Looking forward to any helpful answers.

  • I have given up.. the more I tried the worse it got to access the info. I eventually had to drop it all, including the mysql install. I managed to get a dump of the other tables before all this though using an innodb forced recover 3 level. It is helpful to get data out of a db you otherwise couldn't even start. The mysterious 4 Petabyte table will now forever remain a mystery. – JonathanLIVE Feb 19 '10 at 20:48

From what you write it appears that database has been corrupted (thinking 4PB instead of 60GB is sort of a giveaway).

I doubt you can get any assurance of retrieved information reliability, unless you repair db first. Have you tried this?

Otherwise, what happens if you do "-f" key -- to continue even if errors encountered?
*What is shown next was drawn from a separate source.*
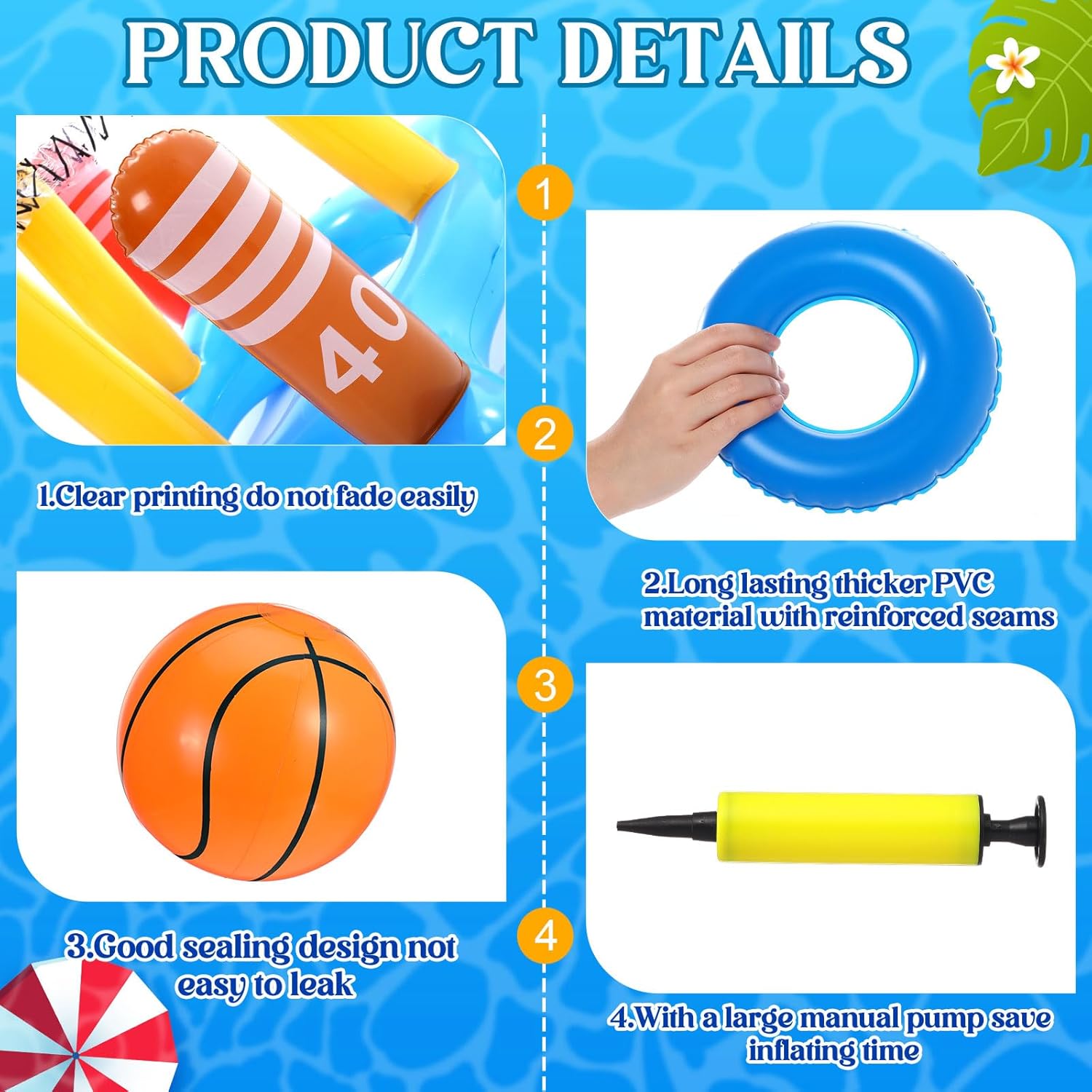 Features: Basic Gameplay Introduction: Gameplay 1: the player who hits the basketball the most times from the inflatable basketball hoop wins. Gameplay 2: the player who successfully loops the four posts on the inflatable basketball hoop first, or loops the most posts, or successfully loops the corresponding colors, wins the activity! Gameplay 3: in the Tic-Tac-Toe, the first player to connect 3 identical posts in a straight line wins. You can customize and create your own rules based on the basic play to suit different entertainment preferences and meet the needs of multiplayer interaction. Specifications: Material: PVC Color: multicolor Size: Basketball hoop: about. 16.54 x 26.77 x 19.69 inches/ 42 x 68 x 50 cm Inflatable ring: 7.48 inches/ 19 cm Inflatable basketball: 7.87 inches/ 20 cm Inflatable tic-tac-toe: 47.24 x 47.24 inches/ 120 x 120 cm Throwing things: 7.87 x 7.87 inches/ 20 x 20 cm Package includes: 8 x Inflatable swimming rings 1 x 2-in-1 pool basketball hoop, manual air pump. 2 x Pool basketballs 1 x Inflatable tic-tac-toe(containing 10 inflatable throwing things) Notes: Manual measurement, please allow slight errors on size. The color may exist a slight difference due to different screen displays

  • -f didn't help. Same deal as before. This is an Innodb db, so repair isn't supported. – JonathanLIVE Feb 19 '10 at 17:56
  • Well, to me it sounds like a case of corrupted database, I am afraid that the data is lost/inconsistent. Check out any database repair tools you might use (eg. http://www.databasejournal.com/features/mysql/article.php/10897_3300511_2/Repairing-Database-Corruption-in-MySQL.htm ) – Gnudiff Mar 31 '10 at 13:04

How big do you think the table should actually be ?

You could try converting it to myisam:

alter table ggg engine=myisam;

However, it sounds like you have a corrupted database.

Best plan might be to contact the innodb guys for support.


I'm not a database admin, so maybe this idea is totally wrongheaded, but is there data in the dump that should be consistent in all the records with a text string? I wondered if it's possible for you to do a dump of your "4 petabyte" database and redirect it through a grep/strings filter so that if the data that's corrupted isn't a valid string, it won't get written to disk. This would depends on whether the corrupted data was just incomprehensible garbage though...

Otherwise someone else here will have to suggest a repair tool to try fixing the database.

Bart Silverstrim
  • This isn't an option as the db contains blob data, which is binary. Part of my problem is that I get so far and then I have an error like this come up: mysqldump: Error 2013: Lost connection to MySQL server during query when dumping table `table` at row: 52739 When I start a different domain_id points, I will get different rows.. always consistent. I know this isn't a timeout issue like most would think from this error, as the timeout settings are set very high. – JonathanLIVE Feb 19 '10 at 11:07

Try adding --skip-extended-insert. It's possible that things are getting mangled when writing to the file.

Glen Solsberry
  • 35